■ WORK TO COMPLETE ■
Set down, please, exactly the lines below that run from the line with "arm 400 chapter 1 complete solutions rated a" to the line with "We love the", both lines included.

■ SOURCE MATERIAL ■
━━━━━━━━━━━━━━━━

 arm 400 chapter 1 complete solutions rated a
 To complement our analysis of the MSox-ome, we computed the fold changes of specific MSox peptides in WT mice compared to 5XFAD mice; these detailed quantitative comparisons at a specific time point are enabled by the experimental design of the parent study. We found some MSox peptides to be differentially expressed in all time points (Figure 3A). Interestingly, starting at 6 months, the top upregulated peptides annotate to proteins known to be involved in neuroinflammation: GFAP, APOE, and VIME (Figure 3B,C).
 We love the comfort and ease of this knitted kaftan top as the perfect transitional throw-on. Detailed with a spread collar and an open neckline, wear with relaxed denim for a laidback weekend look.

━━━━━━━━━━━━━━━━

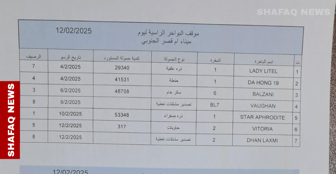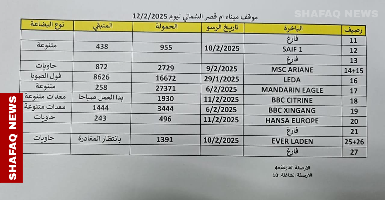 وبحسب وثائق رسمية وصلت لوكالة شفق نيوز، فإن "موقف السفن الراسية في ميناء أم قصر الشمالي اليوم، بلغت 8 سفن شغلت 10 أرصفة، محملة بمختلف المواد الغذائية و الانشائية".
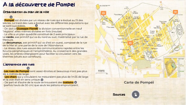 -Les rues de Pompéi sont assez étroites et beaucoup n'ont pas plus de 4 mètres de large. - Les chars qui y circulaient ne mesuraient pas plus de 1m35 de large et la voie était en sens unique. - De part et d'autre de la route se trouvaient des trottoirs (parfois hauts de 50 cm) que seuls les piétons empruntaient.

━━━━━━━━━━━━━━━━

■ RESPONSE AREA ■
 arm 400 chapter 1 complete solutions rated a
 To complement our analysis of the MSox-ome, we computed the fold changes of specific MSox peptides in WT mice compared to 5XFAD mice; these detailed quantitative comparisons at a specific time point are enabled by the experimental design of the parent study. We found some MSox peptides to be differentially expressed in all time points (Figure 3A). Interestingly, starting at 6 months, the top upregulated peptides annotate to proteins known to be involved in neuroinflammation: GFAP, APOE, and VIME (Figure 3B,C).
 We love the comfort and ease of this knitted kaftan top as the perfect transitional throw-on. Detailed with a spread collar and an open neckline, wear with relaxed denim for a laidback weekend look.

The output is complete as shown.